Question
Let $B(t)$ be a standard Brownian motion (AKA a Wiener process).
Is $B(t)$ weakly or strictly stationary, particularly as defined here?
My Thoughts
We know, by definition, that its increments are stationary, which implies it is weakly stationary—that its covariance only depends on the length of the intervals:
$$
Cov(B(t),B(t+h)) = Cov(B(u),B(u+h))
$$
for some $h > 0$, and $0<t<u<\infty$
This makes sense because the Wiener process is the integral of a Gaussian process.
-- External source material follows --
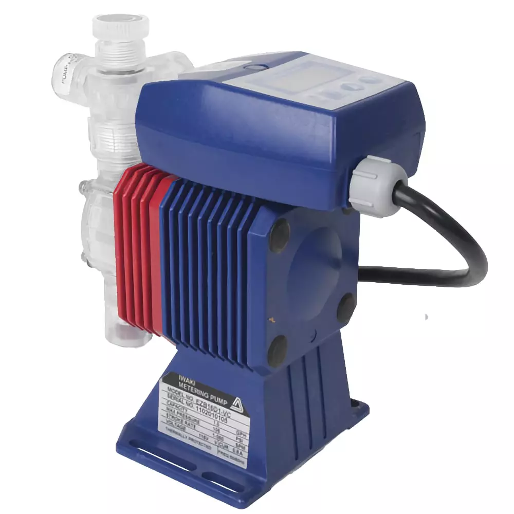 EZ Series electronic metering pumps offer precise chemical injection at a low cost. The compact size and simple control make them ideal for water treatment and OEM applications. EZ Series have outputs to 6.3 GPH (24 l/h) and a maximum pressure of 150 PSI (10 bar). Advanced microprocessor control and a turndown ratio of 360:1 make this series an exceptional value. The pumps are simple to operate with only three pushbutton keys and the unmatched turndown ratio provides both versatility and high resolution chemical feed which eliminates slug-feeding effects.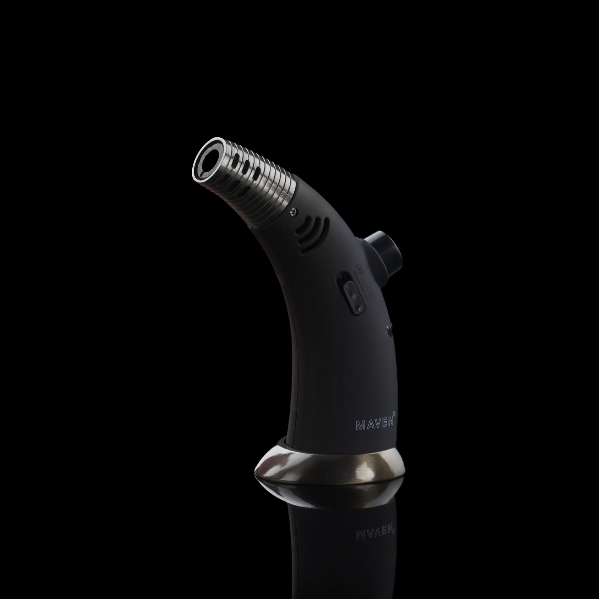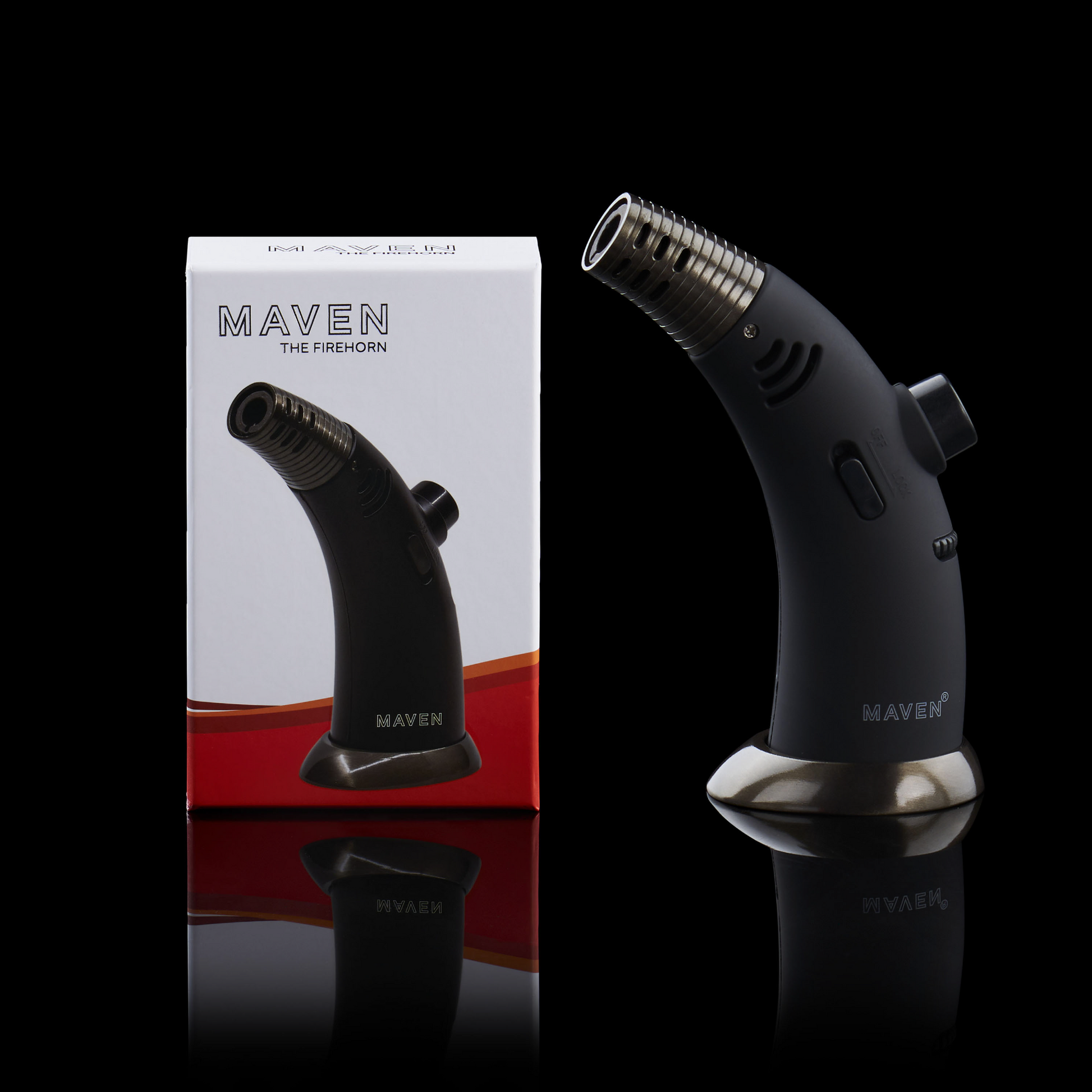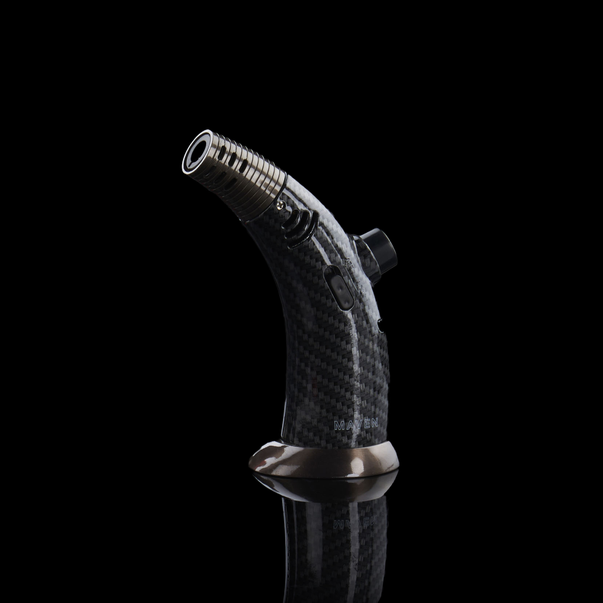 The Maven Firehorn is not your ordinary handheld torch. With a solid base foundation and a sleek design, this torch stands out from the rest. Standing at 5 inches tall, it features a wide refillable butane tank structure and an angled top for precise and strategic lighting.

However, clearly by inspection of a graph we can see that as $ t $ increases the variance increases, too. Moreover:
$$
var(B(t_i)) = t_i < var(B(t_{i+1}) = t_{i+1}
$$
For $0<t_i<t_{i+1}<\infty$
Best Answer
A standard Brownian motion (AKA a Wiener process), $B(t)$ is neither strictly stationary nor weakly stationary.
Strict stationarity
Strict stationarity requires the distribution not be a function of time $t$. For example, if some stochastic process $X(t)$ were strictly stationary, then for $0<t_i<t_{i+1}<\infty$ all $X(t)$ would be equal in distribution, or $$ X(t_i) \overset{d}{=} X(t_{i+1})\ \forall\ i $$ But note that for $B(t)$: $$ var(B(t_i)) = t_i < var(B(t_{i+1})) = t_{i+1} $$ so $$ B(t_i) \overset{d}{\neq} B(t_{i+1}) $$
Weak stationarity
Weak stationarity requires that the covariance only be a function of the length of the interval, and not the interval's location in time. $$ Cov(B(t),B(t+h)) = Cov(B(u),B(u+h)) $$ for some $h > 0$, and $0<t<u<\infty$
But for $B(t)$:
\begin{align} Cov(B(t),B(t+h)) & < Cov(B(u),B(u+h)) \\ min(t,t+h) & < min(u,u+h) \\ t & < u \end{align}
Therefore B(t) is neither strictly nor weakly stationary. This is not to be confused with stationary intervals, however.